Think owning a home is always a smart financial move? Not so fast. Here’s why buying property in 2025 might not be the best decision.
“Renting is throwing money away.”
You’ve heard it. Your parents said it. The news says it.
Even strangers online will tell you that if you’re renting in your 30s, you’re just making your landlord rich.
But what if… they’re wrong?
In 2025, with high interest rates, unpredictable property taxes, and insane maintenance costs — buying isn’t always smarter.
In fact, for many people, it’s financially worse.
Ownership Comes With a Cost Nobody Talks About
Let’s talk numbers.
Homeowners in expensive cities like Toronto, Vancouver, Sydney, London, and even some U.S. metros are paying:
- 5–6% mortgage rates
- Insurance, property tax, HOA fees
- Repairs (that always cost more than expected)
You don’t get a tax write-off for your interest (in many countries).
You can’t access the equity unless you refinance or sell.
You can’t move easily.
That doesn’t sound very “free” to me.
Renting = Flexibility. And Sometimes, Freedom.
You know what renters get?
- No surprise roof leaks
- No $8,000 furnace replacements
- No emotional attachment when the market dips
They can move to chase better jobs.
They can invest the difference in ETFs or build a business.

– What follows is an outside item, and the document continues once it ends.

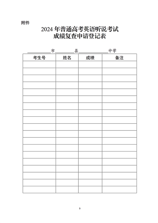 附件:2024年普通高考英語(yǔ)聽(tīng)說(shuō)考試成績(jī)復(fù)查申請(qǐng)登記表

They can keep cash on hand instead of tying up everything in a down payment.
Emotional ≠ Smart
Buying a home often isn’t about math.
It’s about how ownership feels.
Security. Pride. Stability.
And that’s fine.
But don’t lie to yourself and call it an investment if it’s really a lifestyle choice.
So Should You Buy?
Maybe.
But only if:
- You plan to stay put for 7–10+ years
- You’re buying well below your budget
- You understand the real cost of ownership
Otherwise?
Don’t rush it. And don’t let guilt — or fear of missing out — push you into a decision that might weigh you down for decades.